Exercise instructions →
From the line containing "Composer: Jason Robert" down to the line containing "Quello di Mats", copy out the entries below exactly, both lines included, and nothing else; pictures do not belong in the copy.

Given information →
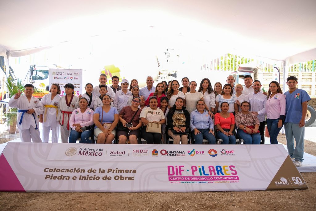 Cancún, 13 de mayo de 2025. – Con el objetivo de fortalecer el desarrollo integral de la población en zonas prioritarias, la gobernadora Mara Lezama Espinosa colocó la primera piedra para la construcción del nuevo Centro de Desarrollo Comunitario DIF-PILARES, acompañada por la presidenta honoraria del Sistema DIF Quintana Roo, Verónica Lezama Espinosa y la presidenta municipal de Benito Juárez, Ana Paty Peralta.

...

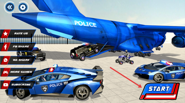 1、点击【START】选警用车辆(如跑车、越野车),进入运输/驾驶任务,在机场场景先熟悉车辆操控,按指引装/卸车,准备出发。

...

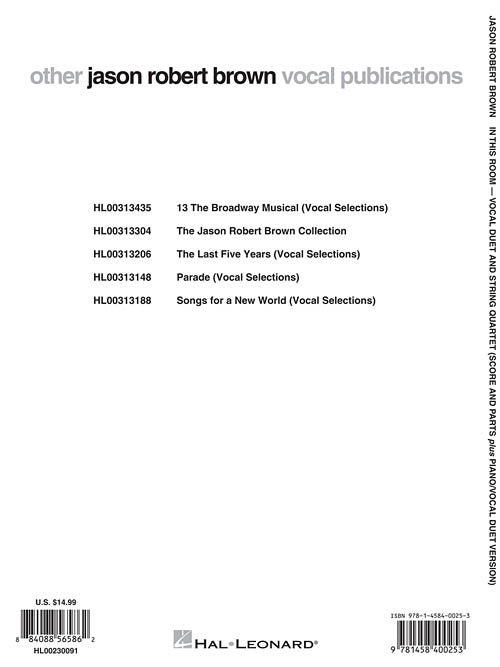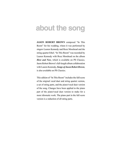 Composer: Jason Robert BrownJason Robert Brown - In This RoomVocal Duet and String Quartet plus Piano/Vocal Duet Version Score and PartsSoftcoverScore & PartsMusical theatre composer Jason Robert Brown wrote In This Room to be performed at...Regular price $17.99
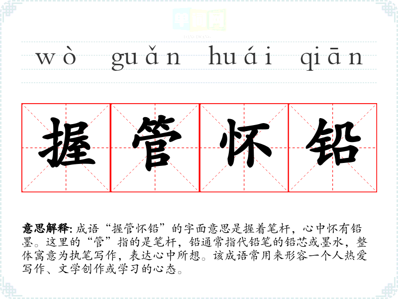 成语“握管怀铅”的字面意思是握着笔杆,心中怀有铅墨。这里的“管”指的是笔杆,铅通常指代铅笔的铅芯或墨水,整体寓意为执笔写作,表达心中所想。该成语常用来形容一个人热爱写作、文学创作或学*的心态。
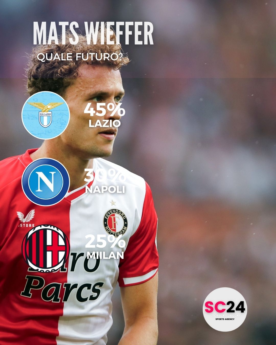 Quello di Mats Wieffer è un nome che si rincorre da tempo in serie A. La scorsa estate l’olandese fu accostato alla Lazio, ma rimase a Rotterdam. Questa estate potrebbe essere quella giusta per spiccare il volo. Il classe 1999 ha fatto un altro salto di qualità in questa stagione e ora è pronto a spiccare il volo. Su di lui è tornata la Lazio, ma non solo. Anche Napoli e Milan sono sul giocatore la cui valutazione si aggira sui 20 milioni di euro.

Your solution →
 Composer: Jason Robert BrownJason Robert Brown - In This RoomVocal Duet and String Quartet plus Piano/Vocal Duet Version Score and PartsSoftcoverScore & PartsMusical theatre composer Jason Robert Brown wrote In This Room to be performed at...Regular price $17.99
 成语“握管怀铅”的字面意思是握着笔杆,心中怀有铅墨。这里的“管”指的是笔杆,铅通常指代铅笔的铅芯或墨水,整体寓意为执笔写作,表达心中所想。该成语常用来形容一个人热爱写作、文学创作或学*的心态。
 Quello di Mats Wieffer è un nome che si rincorre da tempo in serie A. La scorsa estate l’olandese fu accostato alla Lazio, ma rimase a Rotterdam. Questa estate potrebbe essere quella giusta per spiccare il volo. Il classe 1999 ha fatto un altro salto di qualità in questa stagione e ora è pronto a spiccare il volo. Su di lui è tornata la Lazio, ma non solo. Anche Napoli e Milan sono sul giocatore la cui valutazione si aggira sui 20 milioni di euro.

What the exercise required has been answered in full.